Creo Elements/Pro offers a range of tools to enable the generation of a complete digital representation of the product being designed. In addition to the general geometry tools there is also the ability to generate geometry of other integrated design disciplines such as industrial and standard pipe work and complete wiring definitions. Tools are also available to support collaborative development. A number of concept design tools that provide up-front Industrial Design concepts can then be used in the downstream process of engineering the product.

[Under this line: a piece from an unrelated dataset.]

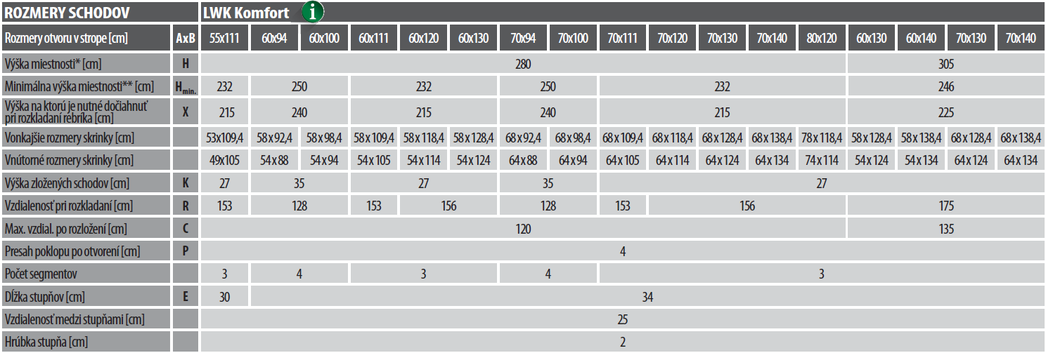 Schody LWK Komfort majú všetky výhody novej konštrukcie. Použité inovatívne riešenia zaisťujú najvyšší komfort používania, zaručujú veľmi dobré termoizolačné vlastnosti a umožňujú jednoduchšiu a rýchlejšiu montáž schodov v strope. Oproti schodom LWS sú dodatočne vybavené zatepleným poklopom bielej farby, madlom a krycími pätkami (iba pre 3dielne verzie).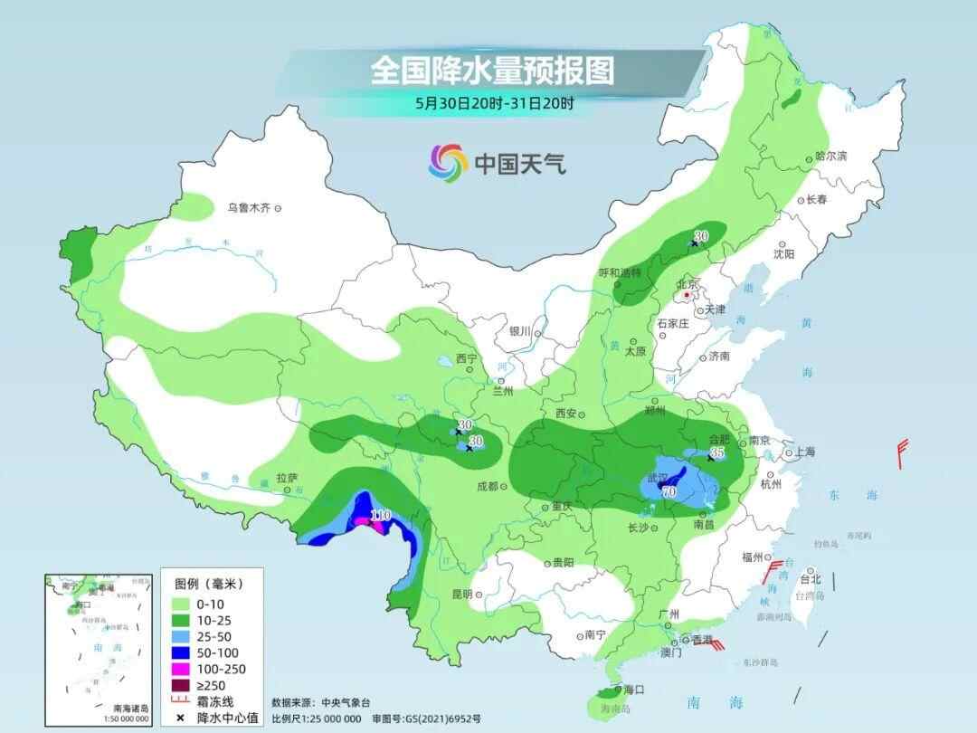 首当其冲的是西藏东南部和云南西部等地。季风低压引导西南季风北上,叠加地形抬升,上述多地会有大到暴雨、局地大暴雨,降雨最强的时段会是在明天(30日)。

These range from conceptual Industrial design sketches, reverse engineering with point cloud data and comprehensive free-form surface.

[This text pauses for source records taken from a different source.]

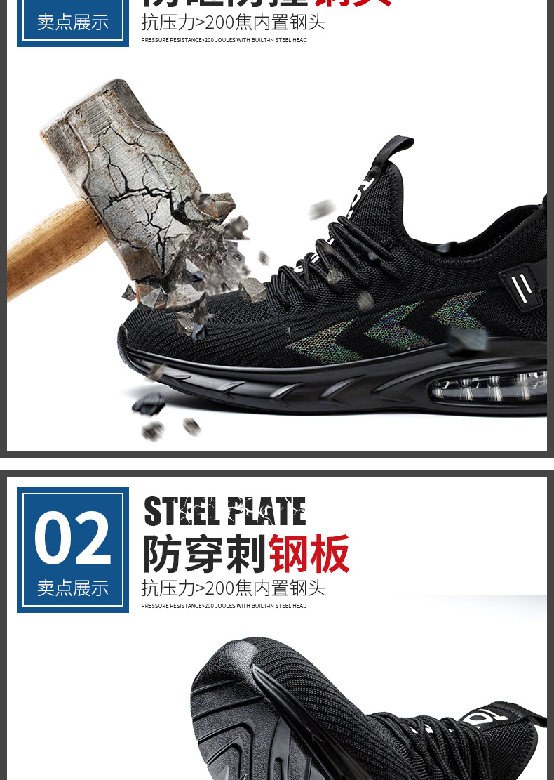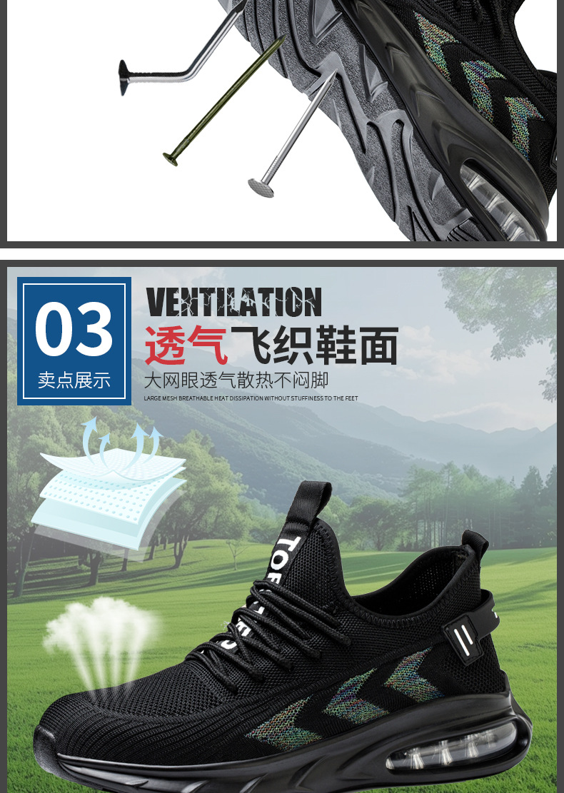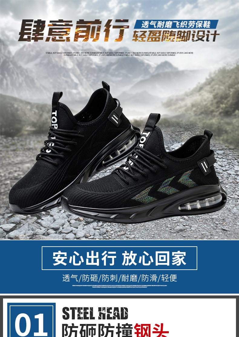 노동 보호 신발 남성용 스매싱 방지 강철 헤드 탈취제 내마모성 경량 노동 보호 건설 현장 신발 플라이 짠 통기성 안전 신발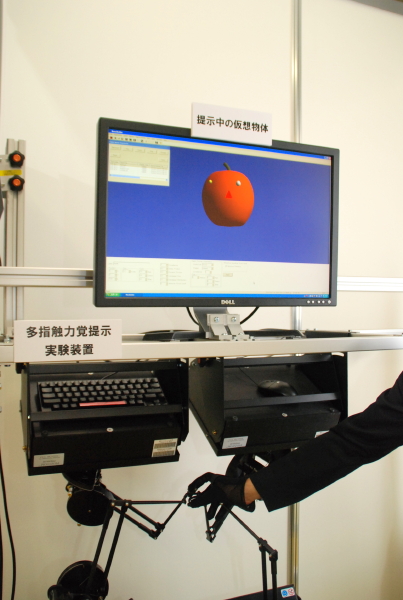 複数の力覚提示デバイスを制御することで物体を実際に触っている感覚を体感できる。堅さなども感じ取れる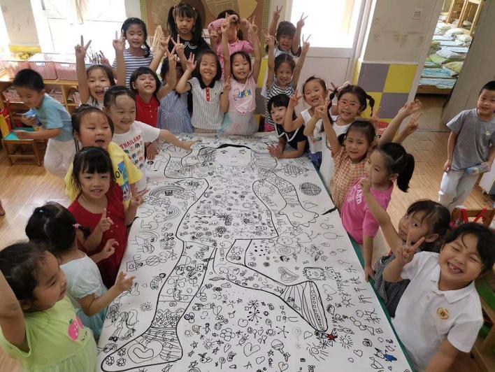 9日,記者在機(jī)關(guān)三幼四季園校區(qū)探訪時(shí)看到,在大(2)班的教室里,成雪瓊、趙雯兩位老師分別躺在長2.4米、寬1.2米的畫卷上,為孩子們做“人體模特”。孩子們則將老師的輪廓描下,再發(fā)揮想象,繪制兩幅人像長卷,作為送給老師的教師節(jié)禮物。

Creo Elements/Pro has numerous analysis tools available and covers thermal, static, dynamic and fatigue finite element analysis along with other tools all designed to help with the development of the product. These tools include human factors, manufacturing tolerance, mould flow and design optimization. The design optimization can be used at a geometry level to obtain the optimum design dimensions and in conjunction with the finite element analysis.
Creo has a good surface modeling capabilities also. Using commands like Boundary blend and Sweep we can create surface models. Advance options like Style (Interactive Surface Design Extension - ISDX) and Freestyle  provide more capabilities to designer to create complicated models with ease.
By using the fundamental abilities of the software with regards to the single data source principle, it provides a rich set of tools in the manufacturing environment in the form of tooling design and simulated CNC machining and output. Tooling options cover specialty tools for molding, die-casting and progressive tooling design.
NX CAD CAM, formerly known as NX Unigraphics or usually just UNIGRAPHICS, is an advanced high end CAD/CAM/CAE software package originally developed by Unigraphics. NX provides seamless integration that enables you to process information and changes rapidly across all development disciplines. Siemens NX provides a common platform for product development with advanced solutions not only for designing, but for simulation and manufacturing as well. It is used, among other tasks, for: • Design (parametric and direct solid/surface modelling) • Engineering analysis (static; dynamic; electro-magnetic; thermal, using the finite element method; and fluid, using the finite volume method). • Manufacturing finished design by using included machining modules. • Advanced conceptual designing, 3D modelling and documentation • Multidiscipline simulation for structural, motion, thermal, flow, multiphysics and optimization applications • Complete part manufacturing solutions for tooling, machining and quality inspection
Siemens NX is used in all manufacturing segments like Automotive, Industrial Machinery, Power and Energy, Consumer Goods etc and also in companies that provide CAD services and CAE services like industrial design & styling, package design, mechanical design, electromechanical systems design, mechanical simulation, electromechanical simulation, tooling & fixture design, machining and engineering process management.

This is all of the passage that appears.